15 May 2018

Judging expertise

One of the reasons researchers focus on experts instead of expertise is that it seems easier to find the one than the other — you can look to community-acclamation, or to the gold medalists, or to people with 2500+ Elo ratings and pick out “experts,” but expertise itself is harder to see — you can’t just rely on outcomes, because expertise is just one of the factors that influence performance.

But is there a way to judge expertise itself? Ideally, independently (to some extent) of outcomes? The expert-performance approach that Ericsson and Smith (1991) advocate— reliably superior performance on domain-representative tasks in a laboratory setting — is one attempt, but it’s far from clearly the best. Representative tasks are not the same as performance in the domain; solving a chess problem is not the same as staring down a game in progress against a skilled opponent, and predicting which way a soccer player will pass when a video is paused is not the same as setting yourself up to intercept that pass in the flow of a World Cup match.

So what would an ecologically valid approach look like? We might say that expertise is exhibited when you’ve got consistently superior performance in the domain across many contexts — so the golfer who wins only once in her career is judged to have less expertise than the one who wins year after year, on different courses, against different opponents, in different weather, etc. This seems like a more accurate approach, but it’s often not practical because the feedback cycles are too long; you can run subjects through scenarios in a lab much faster than you can run full chess or golf tournaments. Additionally, if you extend the evaluation time you aren’t really measuring expertise at any one point, since the subject may be learning as she goes .

Fundamentally, the problem with both approaches is that they’re based solely on outcomes. Ericssonian researchers look at judgements made and actions taken in the lab, measured against some ideal response (chess problems with a known best solution, for instance); ecological researchers look at actual games won and lost. What seems to be missing is a focus on how those outcomes are achieved. We don’t (usually) want to say that a chess player who gets into his opponent’s head and throws them off their game is more expert at chess than the person he beats (though that might be part of someone’s expertise in another domains, like the ability to put opponents on tilt in poker)

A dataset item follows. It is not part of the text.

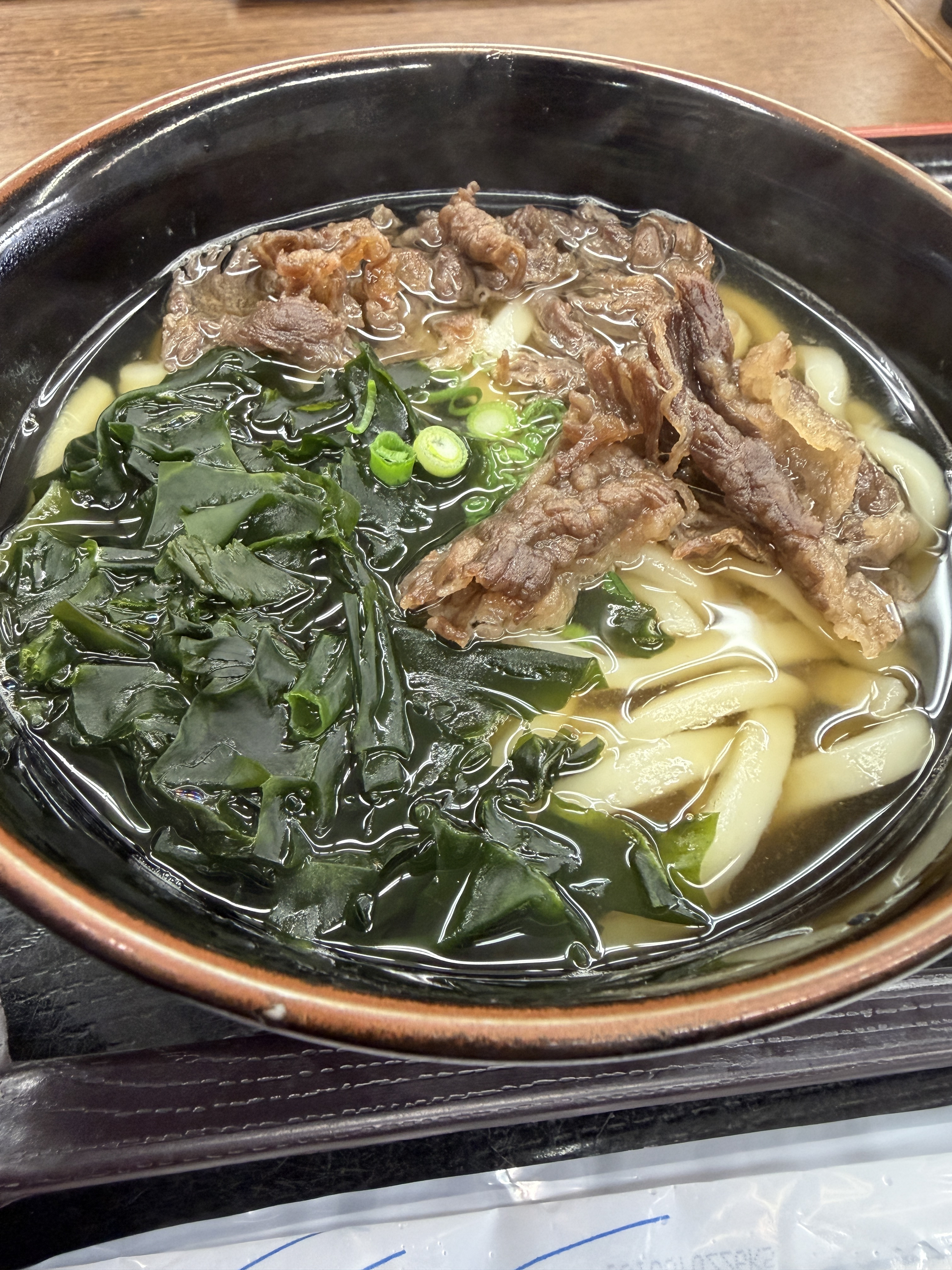 お肉の旨味がじんわりと溶け込んだ優しいお出汁が体に染み渡ります。長旅の移動で少し疲れた胃腸にも優しく、心までポカポカと温まるようなホッとする一杯です。

How, then, can we factor the methods and mechanisms people use to succeed into our judgements of expertise? Community recognition is one option — we look the people identified as top performers by their peers, relying on the community of practice to capture the history of performances and, implicitly, to be able to identify the underlying factors, the expertise, that led to past successes. Looking to the community also lets us factor in performance across different contexts, which helps minimize the effect of confounding variables.

A major problem with community recognition, though, is that it is subject to the same stereotypes and biases that afflict our judgements of other people. You see this clearly in the professional sports scout community (who aren’t a peer group for the athletes they judge, but illustrate many of the same benefits and problems of this approach); scouts have a long history of experience watching the top performers in their sport, and of making judgements about the potential of young athletes — but they’re wrong a surprising amount of the time because a kid “doesn’t have the right look,” not seeing the true extent of the underlying expertise (or potential).

This might incline us to swing the pendulum back the other way, and focus more on observable outcomes instead of on the invisible, or “intangible” qualities that, e.g., scouts look for. A pure focus on outcomes can be twisted around to exactly the opposite effect, though. For example: surgeons in some jurisdictions are given ratings based on their patients’ outcomes. The “best” surgeons are those with the lowest mortality, judged (by the press and the public) as the most expert. As it turns out, however, the simple binary of mortality combined with the publicity of the rankings means that the judgements are gameable — in fact, what you see happening in such systems is that cunning surgeons start turning away the most challenging patients for fear that their rating will fall, and the “best” surgeons (by other measures) end up taking more than their share of the hardest cases, which increases their mortality rates, which implies to the world at large that they’re less expert than their peers. This mismatch between judgement and reality can actively harm patients, which is the worst-case outcome.

Sadly, there doesn’t appear to be a universally-best option here. The expert-performance approach is (comparatively) easy; the ecological approach lets us average our jugements over a wide range of contexts; the community approach brings the possibility of understanding how results are achieved beyond just the final outcome.

I think the best option would start by exploring what expertise actually is for a given domain. What are the components — the knowledge, reflexes, and other factors acquired through training — that ground success in, say, playing the cello? And, once we identify those, how can we test for them (in or out of the lab)?